To analyze the situation, let's break it down using the function \( h = -16t^2 + 48t + 6 \), which models the height \( h \) of the shot put over time \( t \).
-
Start Point: At time \( t = 0 \) seconds, we can find the height of the shot put. \[ h(0) = -16(0)^2 + 48(0) + 6 = 6 \text{ feet} \] So the shot put leaves Kayden's hand at a height of 6 feet.
-
Vertex: To find the time at which the shot put reaches its maximum height, we can use the formula for the vertex of a quadratic function \( t = -\frac{b}{2a} \) where \( a = -16 \) and \( b = 48 \). \[ t = -\frac{48}{2(-16)} = \frac{48}{32} = 1.5 \text{ seconds} \] Now, substituting \( t = 1.5 \) back into the equation to find the maximum height: \[ h(1.5) = -16(1.5)^2 + 48(1.5) + 6 \] Calculating gives: \[ h(1.5) = -16(2.25) + 72 + 6 = -36 + 72 + 6 = 42 \text{ feet} \] So the maximum height is 42 feet, reached at 1.5 seconds.

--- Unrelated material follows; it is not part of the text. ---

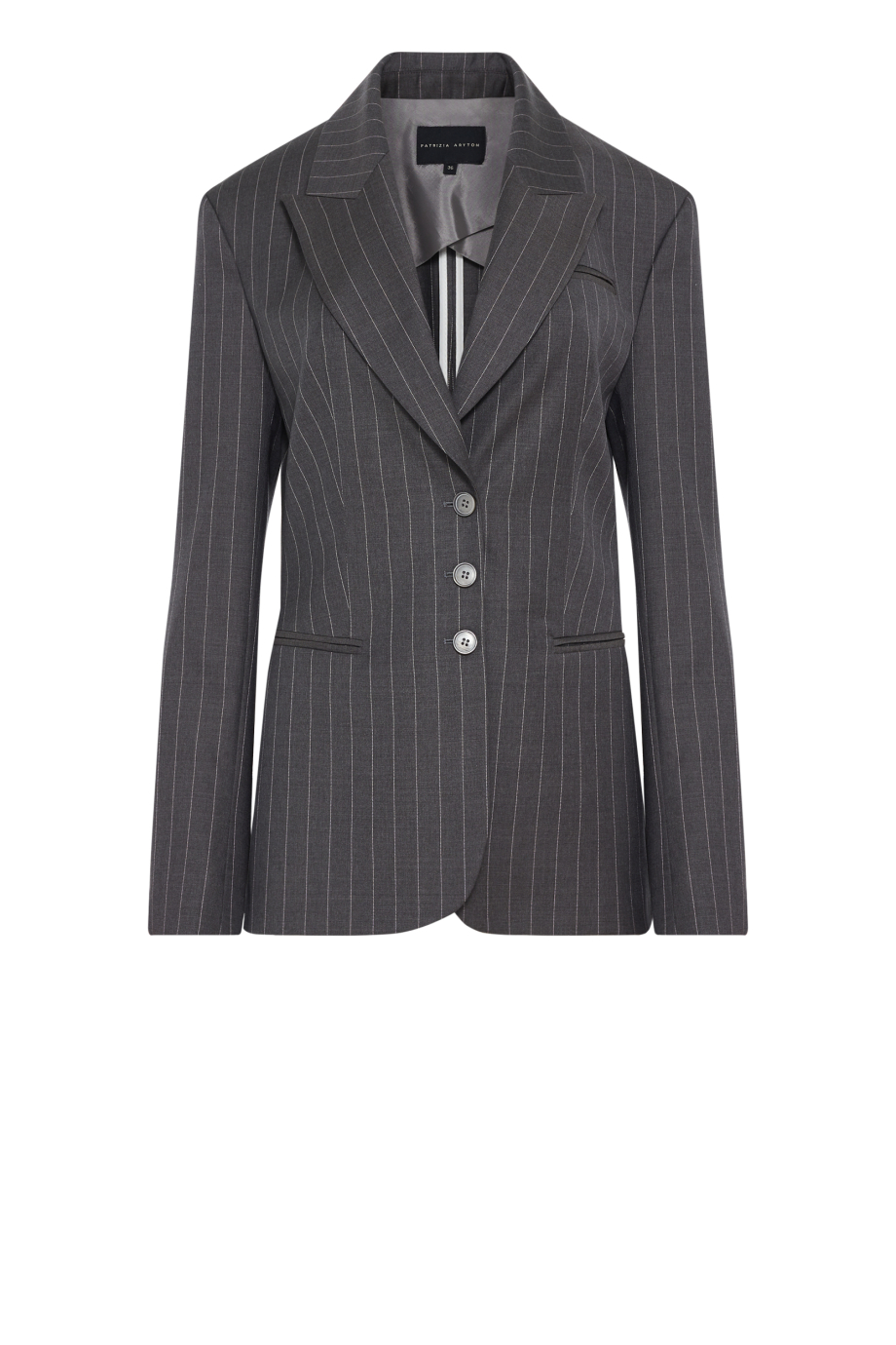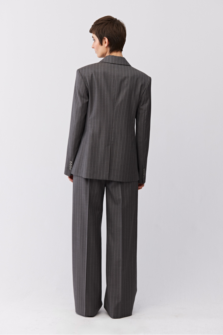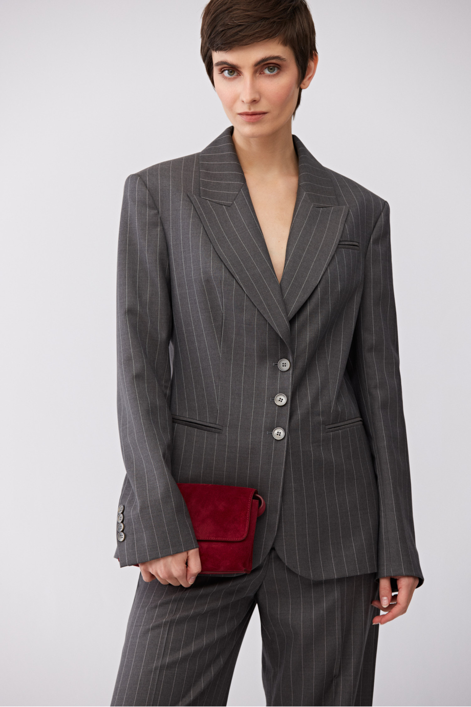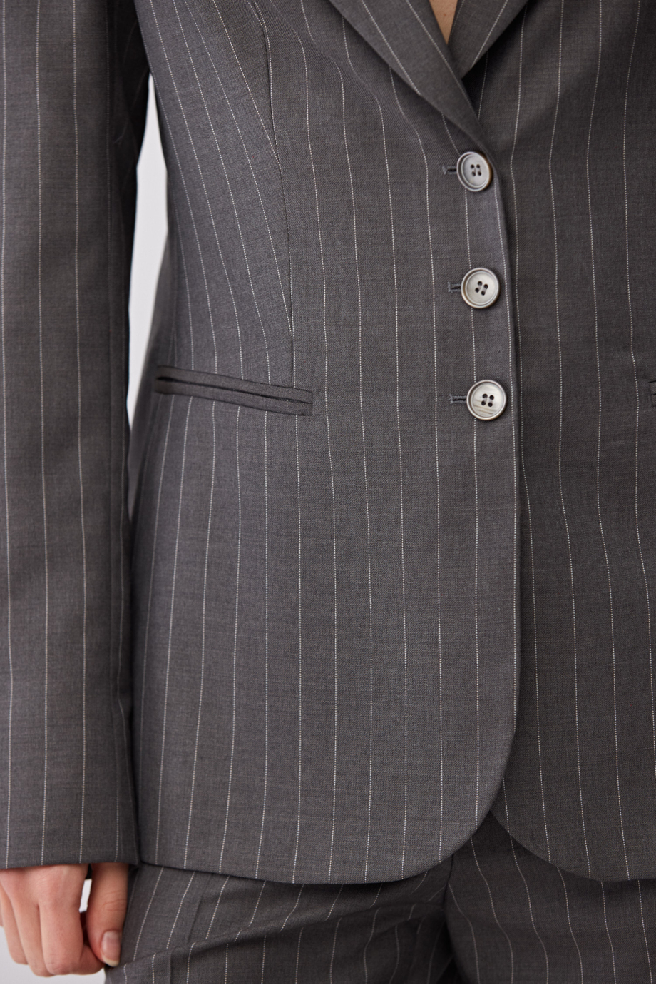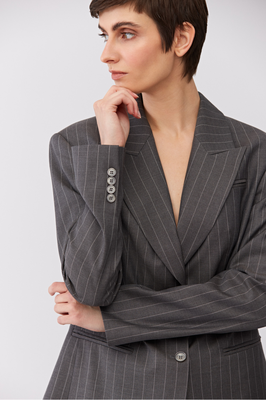 Sacou gri din lână virgină, cu dungi, pentru costum

Based on this analysis, the correct description would identify the start point (0, 6) and the vertex (1.5, 42), explaining that the shot put leaves Kayden's hand at a height of 6 feet and reaches a maximum height of 42 feet after 1.5 seconds.
The correct response is: (0, 6); (1.5, 42); The shot put leaves Kayden's hand at a distance of 0 feet and a height of 6 feet and will reach a maximum height of 42 feet 1.5 seconds after being thrown.